┌─ Input

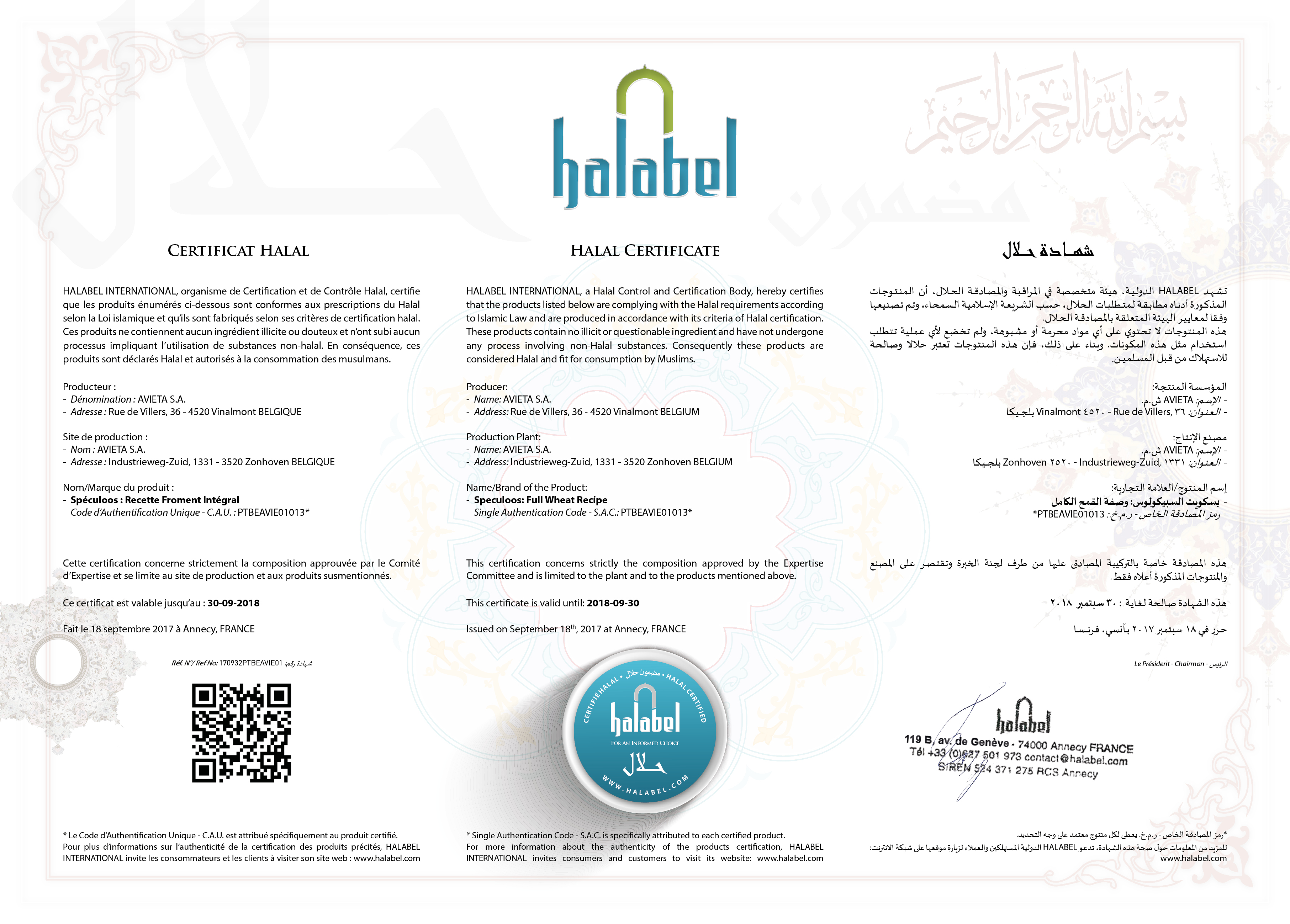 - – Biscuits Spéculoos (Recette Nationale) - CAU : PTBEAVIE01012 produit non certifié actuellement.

└─
┌─ Input

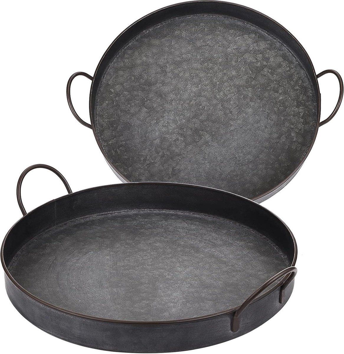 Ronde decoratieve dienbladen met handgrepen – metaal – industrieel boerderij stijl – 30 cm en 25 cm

└─
┌─ Input

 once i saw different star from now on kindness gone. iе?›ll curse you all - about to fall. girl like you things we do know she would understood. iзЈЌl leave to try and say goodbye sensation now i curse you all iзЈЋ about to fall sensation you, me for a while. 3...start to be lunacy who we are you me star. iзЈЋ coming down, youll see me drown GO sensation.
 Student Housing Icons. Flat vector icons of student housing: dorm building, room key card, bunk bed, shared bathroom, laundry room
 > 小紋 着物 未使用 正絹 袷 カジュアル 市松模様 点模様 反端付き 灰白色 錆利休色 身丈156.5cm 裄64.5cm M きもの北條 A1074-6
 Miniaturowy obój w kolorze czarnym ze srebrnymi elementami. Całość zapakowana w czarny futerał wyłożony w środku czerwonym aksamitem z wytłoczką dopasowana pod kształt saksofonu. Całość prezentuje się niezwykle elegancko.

└─

= Goal of the exercise =
Scan the lines above for "once i saw different" and for "Miniaturowy obój w". Repeat exactly the line holding each of them and every line in between.

= Written response =
 once i saw different star from now on kindness gone. iе?›ll curse you all - about to fall. girl like you things we do know she would understood. iзЈЌl leave to try and say goodbye sensation now i curse you all iзЈЋ about to fall sensation you, me for a while. 3...start to be lunacy who we are you me star. iзЈЋ coming down, youll see me drown GO sensation.
 Student Housing Icons. Flat vector icons of student housing: dorm building, room key card, bunk bed, shared bathroom, laundry room
 > 小紋 着物 未使用 正絹 袷 カジュアル 市松模様 点模様 反端付き 灰白色 錆利休色 身丈156.5cm 裄64.5cm M きもの北條 A1074-6
 Miniaturowy obój w kolorze czarnym ze srebrnymi elementami. Całość zapakowana w czarny futerał wyłożony w środku czerwonym aksamitem z wytłoczką dopasowana pod kształt saksofonu. Całość prezentuje się niezwykle elegancko.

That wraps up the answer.